** Special Note: We are super excited to announce that Run the Edgehas been picked up by Nissan’s Innovation for Endurance from now through the Olympic games in London. We will be writing twelve blogs for IFE in the coming months. Be sure to visit their facebook page and give them a like!
Here is our fifth Post for IFE:
How do you light the fuse in your running? Can doing a few little things release an explosion of potential hiding inside of you? Try adding a few of our favorite “little things” to your running this week. You will be surprised at the tremendous difference they can make.
1. Get more sleep: Depending on your schedule, get to bed a half-hour early, or take a 45-minute nap after a hard workout.
2. Visualize your goals: On many runs your mind is free to wander. Use this time to see yourself running strong and achieving your goals.
3. Use power words: Pick a word like “Strong” or “Believe.” Practice saying this word in your mind during workouts when you need to pick up the pace. Use this same word during difficult moments in your race and feel the energy it brings.
4. Say your goals out loud: Tell everyone who cares (and even some people who don’t) what you are going to do in your next race. The more often you say it and the more people who know it, the more likely you are to accomplish it.
5. Drink a protein shake: After a hard workout or long run, drink a protein shake, or even some chocolate milk, to help speed up your recovery.
1. Use positive self-talk: Constantly tell yourself, “I feel good. I am strong. I can do this.” Keep focused on positive thoughts and do not allow negative ones to enter your mind.
2. Enter a BIG race: Having a goal or something to train for gives a purpose to your training and a deadline to be in the best shape possible.
3. Get a GPS watch: Go for round numbers to increase your mileage. For example, if your GPS says you have run 8.6 miles when you finish your loop, run another .4 to make it an even 9 or even 1.4 to make it 10!
4. Smile when it hurts: The mind/body connection is very powerful. When a race or workout starts to get tough, let a genuine smile spread across your face. You will be amazed at how much better you feel.
5. Celebrate every victory: Whether it is a new PR, or just finishing the longest training run of the year, it is time to celebrate! Go out for your favorite dinner. Call your mom with the good news. Treat yourself to a new song on iTunes. Just do something to celebrate!
These are just a few of the little things we use to help light our fuse. Of course none of these are a substitute for normal training and hard work. The more miles and work you put into your training, the bigger explosion you will get when you light the fuse by adding the little things!
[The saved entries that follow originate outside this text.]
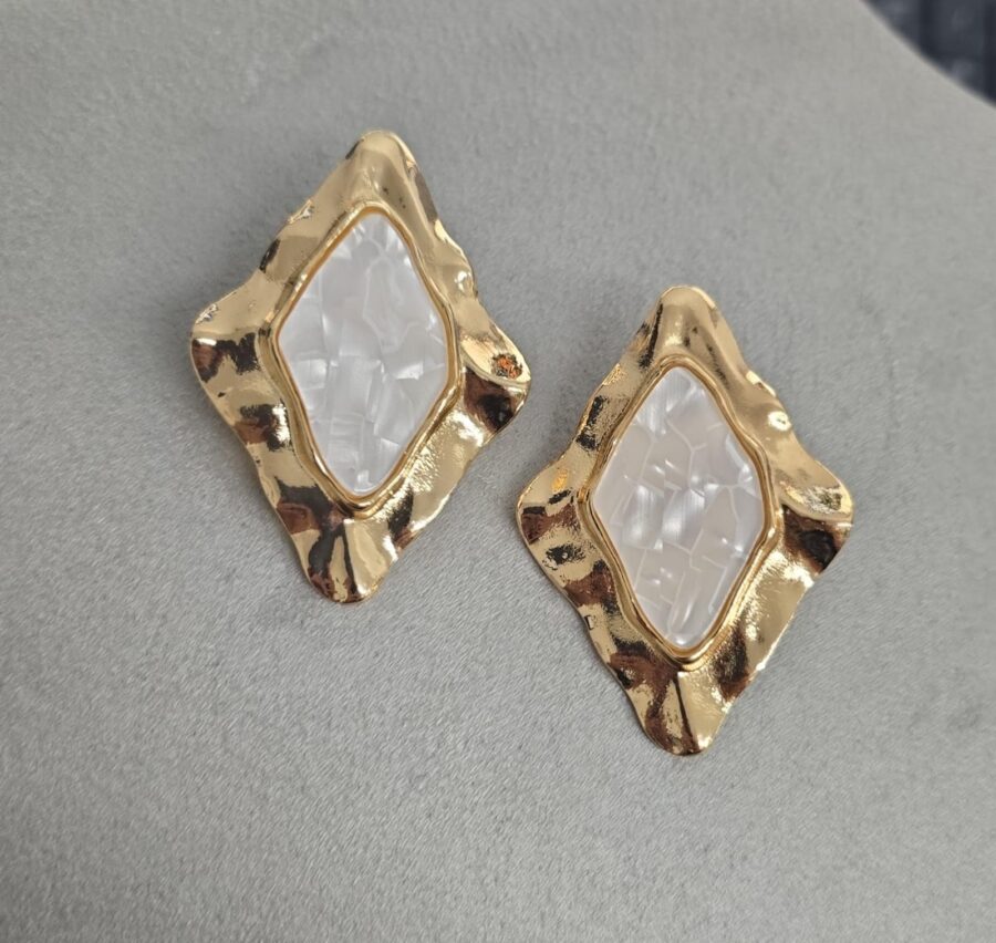 Material: Bijoux, Resina Acrílica Formato Losango Perolado, Tarracha Sutiã de Orelha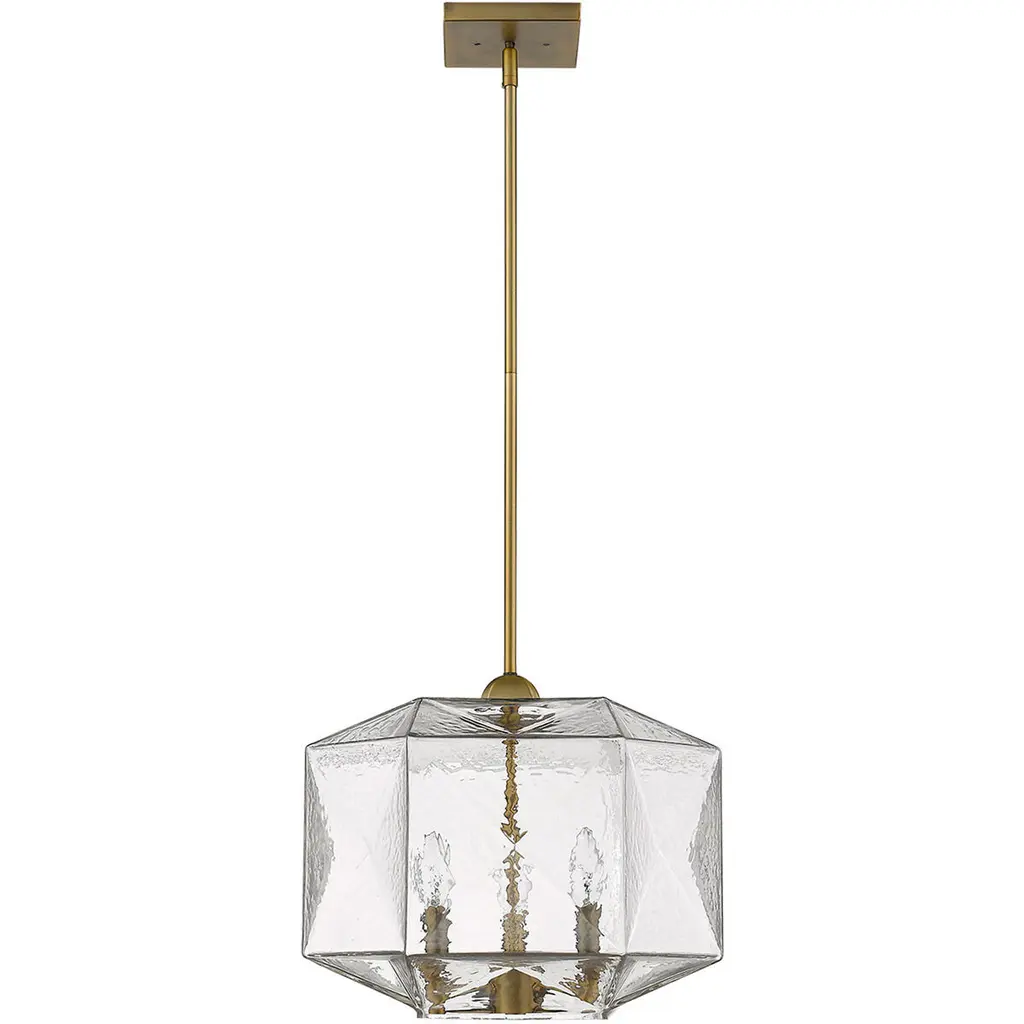 Faceted glass defines the dramatic beauty of the Euclid pendant collection. Aged brass pairs with asymmetric panels of mercury glass for a perfect throwback to a mid-century modern classic. Combine that with vintage Edison style filament bulbs to complete the look. Height is adjustable with the included down rods compatible with sloped ceilings. These pendants would be a stunning addition to any kitchen, dining area, or foyer.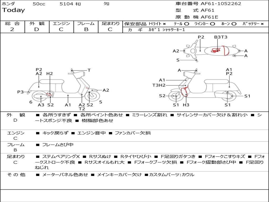 | Номер рамы / VIN | AF61-1052262 |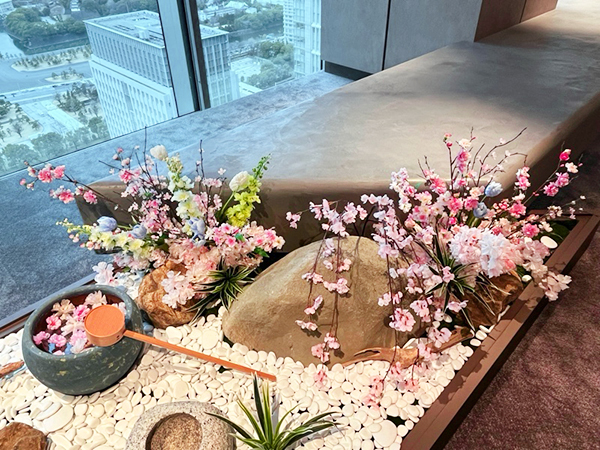 丸の内にあるオフィスのエントランスに桜装飾を施工させて頂きました。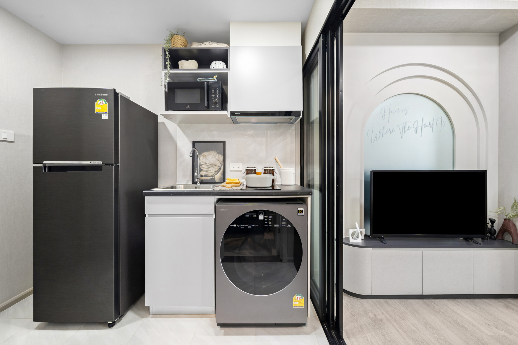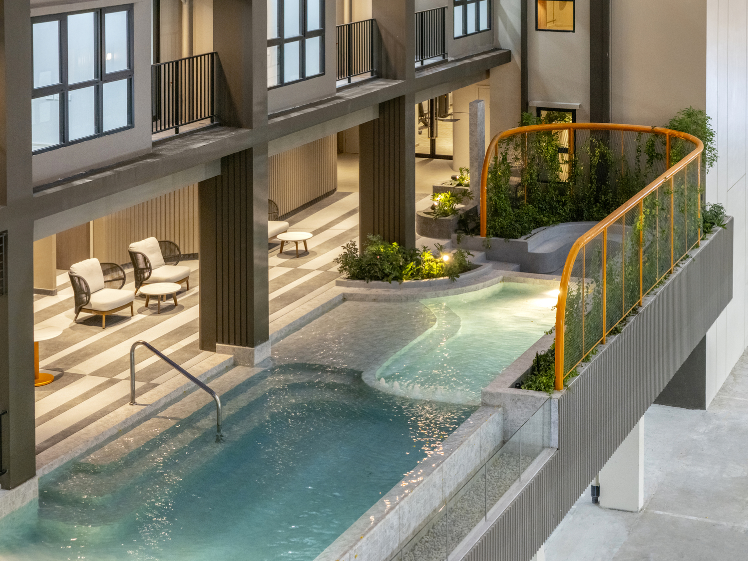 หนึ่งในไฮไลต์ที่สะท้อนแนวคิด Staycation ได้อย่างชัดเจนคือ Pool Access Room ห้องพักพิเศษในอาคาร A ที่ออกแบบให้พื้นที่ภายในห้องเชื่อมต่อกับสระว่ายน้ำโดยตรง เพียงเปิดประตูจากระเบียงก็สามารถก้าวลงสระได้ทันที เติมบรรยากาศการพักผ่อนแบบรีสอร์ตให้เกิดขึ้นได้จริงในทุกวัน ขณะที่พื้นที่ส่วนกลางของโครงการก็ครบครันและพร้อมใช้งาน ไม่ว่าจะเป็น Fitness, Co-working Space, Swimming Pool, Jacuzzi, Kids Pool, Roof Garden และ Jogging Trail รองรับทุกจังหวะชีวิต พร้อมเติมเต็มด้วยส่วนกลางแนวคิด New Lifestyle อาทิ Food Drop, Drop Store และ Private Storage เพื่อความสะดวกสบายยิ่งขึ้น ให้การกลับบ้านไม่ใช่แค่พัก…แต่คือการรีชาร์จพลังในแบบของคุณ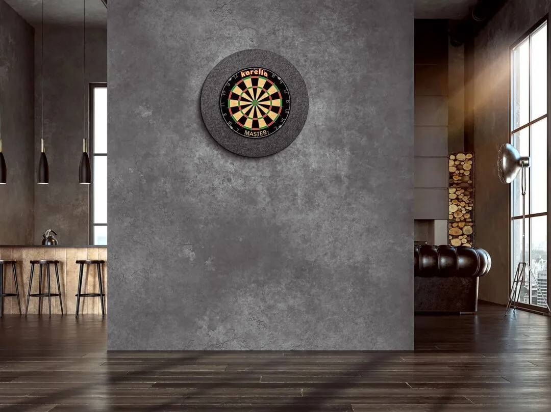 Der anthrazitfarbene Karella® Schallschutz deckt mit seiner Größe einen Bereich von 12 cm rund um das Dartboard ab und eignet sich somit auch aufgrund seiner Materialzusammensetzung ideal als Surround (Catchring). Dieser doppelte Nutzen macht die Anschaffung des Schallschutzes noch wirtschaftlicher. Das Fasermaterial ist Schadstoff geprüft nach Öko-Tex, ohne jegliche chemische Zusätze. Geruchsneutral und umweltfreundlich. Der Schallschutz ist sehr Formstabil und damit sehr robust und langlebig, da er nahezu verschleißfrei ist.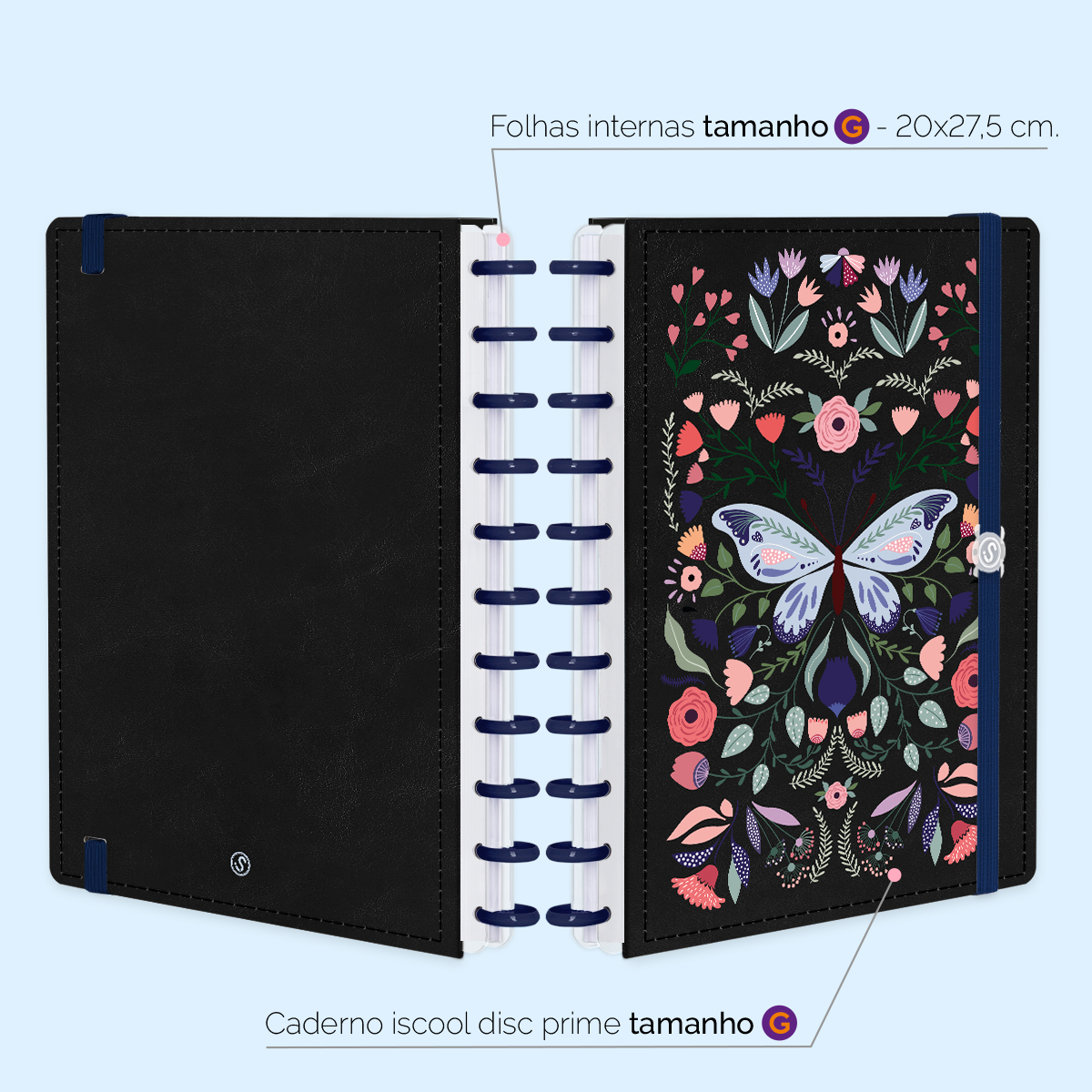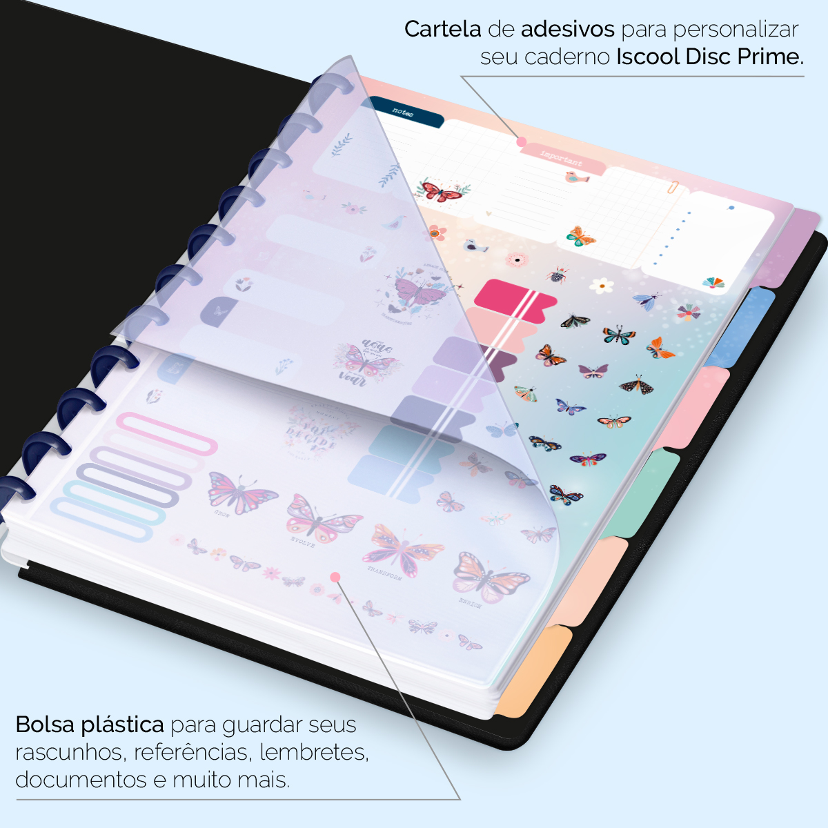 Além de tudo isso, o ISCOOL DISC PRIME UNIVERSITÁRIO, conta com detalhezinhos que fazem toda diferença: elástico para fechamento da capa, muito mais estilo e privacidade para suas anotações; bolsa plástica para guardar seus rascunhos, referências, lembretes, documentos e uma cartela de adesivos incríveis, para que você possa personalizar seu caderno do seu jeitinho!

We also polled our Facebook fans, asking them: “What is the smallest thing you can do that can make the biggest difference in your running?” Here are just a few of their good suggestions:
Melissa Miller: Loosen my laces. No more shin splints.
Sabrina Ivory: I now drink chocolate milk after my long runs…..speeds up my recovery big time!
Nicole Rose Scott: Slowing down on my ‘easy’ runs.
John Ehntholt: Stopped comparing myself to others.
Jennifer Gatz: I embraced the pain of fatigue, learned how to push through.
Troy Vaupel: Compression socks, post-run.
Brett Grothouse: I’ve stopped training and started running. I’ve come to realize that race results don’t make nearly as much of a difference in my life as the things I learn about myself along the way.
Emily Kathleen: Running with a group instead of by myself has changed everything for me. It made me a better runner, but the therapeutic effect of talking, sharing, and being surrounded by like-minded friends makes me a better person.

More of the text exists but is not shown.